[EXERCISE DATA Boundary: Start]
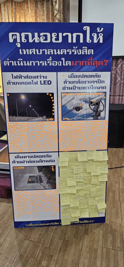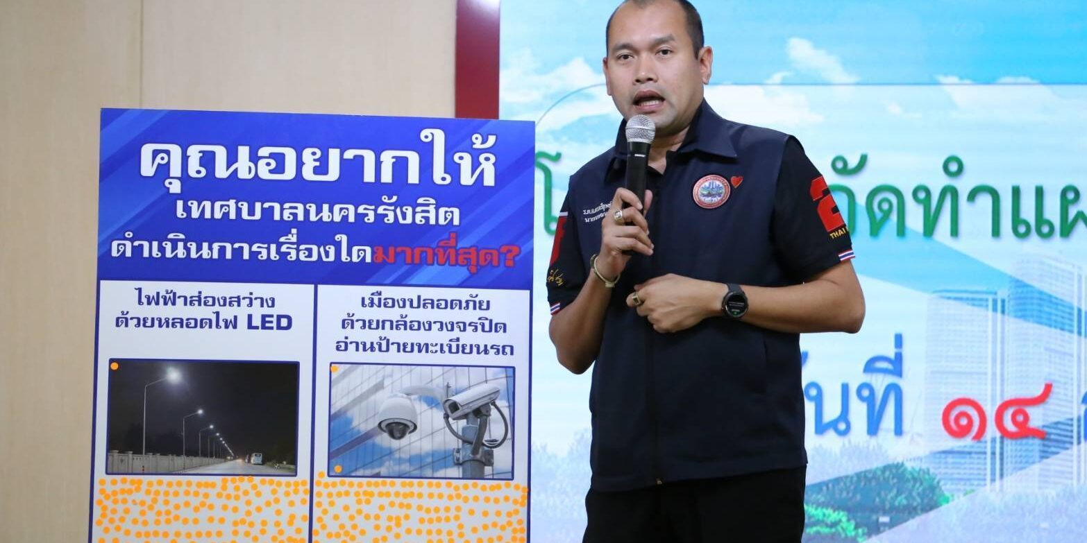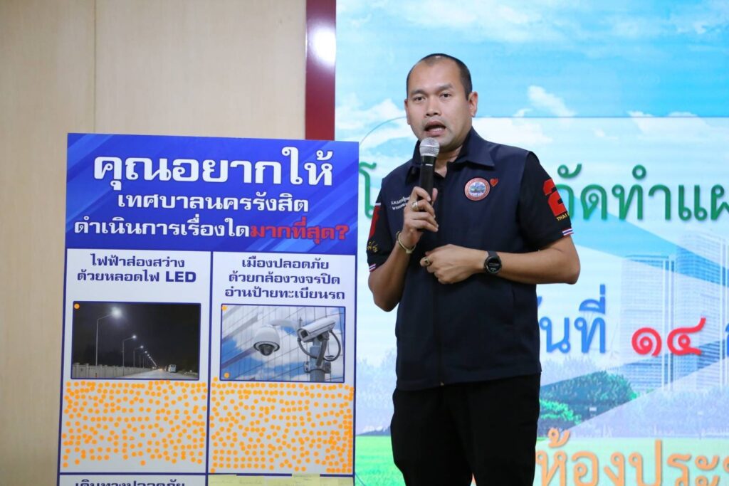 ด้าน ร้อยตำรวจเอก ดร.ตรีลุพธ์ ธูปกระจ่าง นายกเทศมนตรีนครรังสิต กล่าวว่า กองสวัสดิการสังคม เทศบาลนคร รังสิต ได้ดำเนินการจัดโครงการจัดทำแผนชุมชน เพื่อสนับสนุนการมีส่วนร่วมของประชาชน ในการพัฒนาท้องถิ่นโดยให้ความรู้สร้างความเข้มแข็งกับชุมชนในการจัดทำ ทบทวน และปรับปรุงแผนชุมชนให้สอดคล้องกับนโยบายรัฐบาล แผนพัฒนาเศรษฐกิจและสังคมแห่งชาติ แผนพัฒนาจังหวัด และนำแผนชุมชนไปจัดทำแผนพัฒนาเทศบาล ส่วนปัญหาหลักๆที่ทาง 82 ผู้นำชุมชนได้ประชุมวางแผนจนตกผลึก ไม่ว่าจะเป็นเรื่อง ไฟแอลอีดีส่องสว่าง ปรับปรุงฝาท่อที่ชำรุดมานาน โครงการถนนปลอยภัยด้วยกล้องวงจรปิด CCTV เป็นสิ่งที่เราตั้งใจที่จะเปลี่ยนแปลงนครรังสิต เพื่อคุณภาพชีวิตที่ดีขึ้นอยู่แล้วแต่ก่อนหน้านี้ทางสภาเทศบาลนครรังสิตก็ปัดตก ไม่อนุมัติ โดยยกเหตุผลในเรื่องของราคา มาเป็นข้อตีตกในการ ประชุมสภาเทศบาล สมัยสามัญ สมัยที่ 4 ครั้งที่ 2 ประจำปี พ.ศ. 2566 เมื่อ วันที่ 25 ธันวาคม 2566 ปีที่ผ่านมา ซึ่งงบประมาณที่เราใช้จากเงินสะสม เราได้กันเงินไว้ใช้ในสัดส่วนต่างๆเรียบร้อย ถึงร้อยกว่าล้าน ไม่กระทบต่อการบริหารแน่นอน รวมถึงเรามองถึงความเดือดร้อนเร่งด่วนกับประชาชนเป็นหลัก โดยมีการตรวจสอบราคาจากกรมบัญชีกลางและหน่วยงานอื่นๆของรัฐ สามารถตรวจสอบได้ เพื่อให้เกิดความคุ้มค่ากับประชาชนมากที่สุด ตามระเบียบกระทรวงมหาดไทยว่าด้วยการรับเงิน การเบิกจ่าย การฝากเงิน และการเก็บรักษาเงิน ขององค์การปกครองส่วนท้องถิ่น พ.ศ.2566
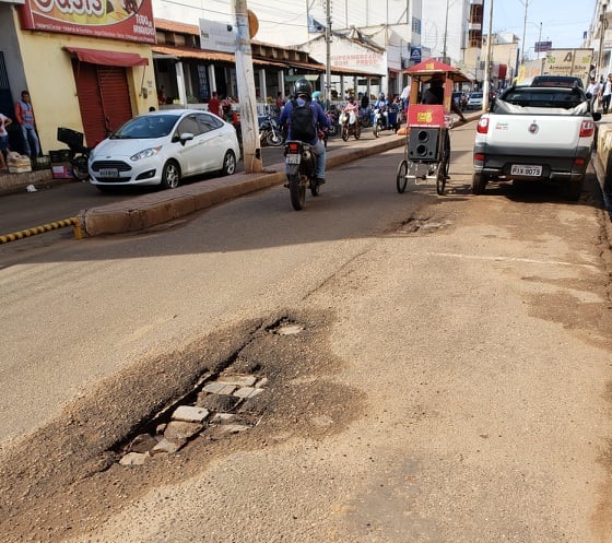 Os buracos espalhados na Avenida já evidenciam a deterioração da pavimentação asfáltica e o aparecimento do calçamento.
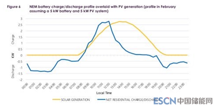 (2)澳大利亞能源市場運營機構(gòu)(AEMO)在家庭電池儲能系統(tǒng)使用電池方面進行假設(shè),儲能系統(tǒng)會在傍晚的高峰期放電,而在早上需求低谷期放電很少(見圖6)。如果這是正確的做法,并且在更大規(guī)模上發(fā)生,這將減少電網(wǎng)側(cè)儲能系統(tǒng)在早上的電力需求,并使其電力斜坡更陡峭。
[EXERCISE DATA Boundary: End]
## EXERCISE PROMPT
Please restate the data word for word, leaving out any picture it holds.

## ANSWER TO THE EXERCISE
 ด้าน ร้อยตำรวจเอก ดร.ตรีลุพธ์ ธูปกระจ่าง นายกเทศมนตรีนครรังสิต กล่าวว่า กองสวัสดิการสังคม เทศบาลนคร รังสิต ได้ดำเนินการจัดโครงการจัดทำแผนชุมชน เพื่อสนับสนุนการมีส่วนร่วมของประชาชน ในการพัฒนาท้องถิ่นโดยให้ความรู้สร้างความเข้มแข็งกับชุมชนในการจัดทำ ทบทวน และปรับปรุงแผนชุมชนให้สอดคล้องกับนโยบายรัฐบาล แผนพัฒนาเศรษฐกิจและสังคมแห่งชาติ แผนพัฒนาจังหวัด และนำแผนชุมชนไปจัดทำแผนพัฒนาเทศบาล ส่วนปัญหาหลักๆที่ทาง 82 ผู้นำชุมชนได้ประชุมวางแผนจนตกผลึก ไม่ว่าจะเป็นเรื่อง ไฟแอลอีดีส่องสว่าง ปรับปรุงฝาท่อที่ชำรุดมานาน โครงการถนนปลอยภัยด้วยกล้องวงจรปิด CCTV เป็นสิ่งที่เราตั้งใจที่จะเปลี่ยนแปลงนครรังสิต เพื่อคุณภาพชีวิตที่ดีขึ้นอยู่แล้วแต่ก่อนหน้านี้ทางสภาเทศบาลนครรังสิตก็ปัดตก ไม่อนุมัติ โดยยกเหตุผลในเรื่องของราคา มาเป็นข้อตีตกในการ ประชุมสภาเทศบาล สมัยสามัญ สมัยที่ 4 ครั้งที่ 2 ประจำปี พ.ศ. 2566 เมื่อ วันที่ 25 ธันวาคม 2566 ปีที่ผ่านมา ซึ่งงบประมาณที่เราใช้จากเงินสะสม เราได้กันเงินไว้ใช้ในสัดส่วนต่างๆเรียบร้อย ถึงร้อยกว่าล้าน ไม่กระทบต่อการบริหารแน่นอน รวมถึงเรามองถึงความเดือดร้อนเร่งด่วนกับประชาชนเป็นหลัก โดยมีการตรวจสอบราคาจากกรมบัญชีกลางและหน่วยงานอื่นๆของรัฐ สามารถตรวจสอบได้ เพื่อให้เกิดความคุ้มค่ากับประชาชนมากที่สุด ตามระเบียบกระทรวงมหาดไทยว่าด้วยการรับเงิน การเบิกจ่าย การฝากเงิน และการเก็บรักษาเงิน ขององค์การปกครองส่วนท้องถิ่น พ.ศ.2566
 Os buracos espalhados na Avenida já evidenciam a deterioração da pavimentação asfáltica e o aparecimento do calçamento.
 (2)澳大利亞能源市場運營機構(gòu)(AEMO)在家庭電池儲能系統(tǒng)使用電池方面進行假設(shè),儲能系統(tǒng)會在傍晚的高峰期放電,而在早上需求低谷期放電很少(見圖6)。如果這是正確的做法,并且在更大規(guī)模上發(fā)生,這將減少電網(wǎng)側(cè)儲能系統(tǒng)在早上的電力需求,并使其電力斜坡更陡峭。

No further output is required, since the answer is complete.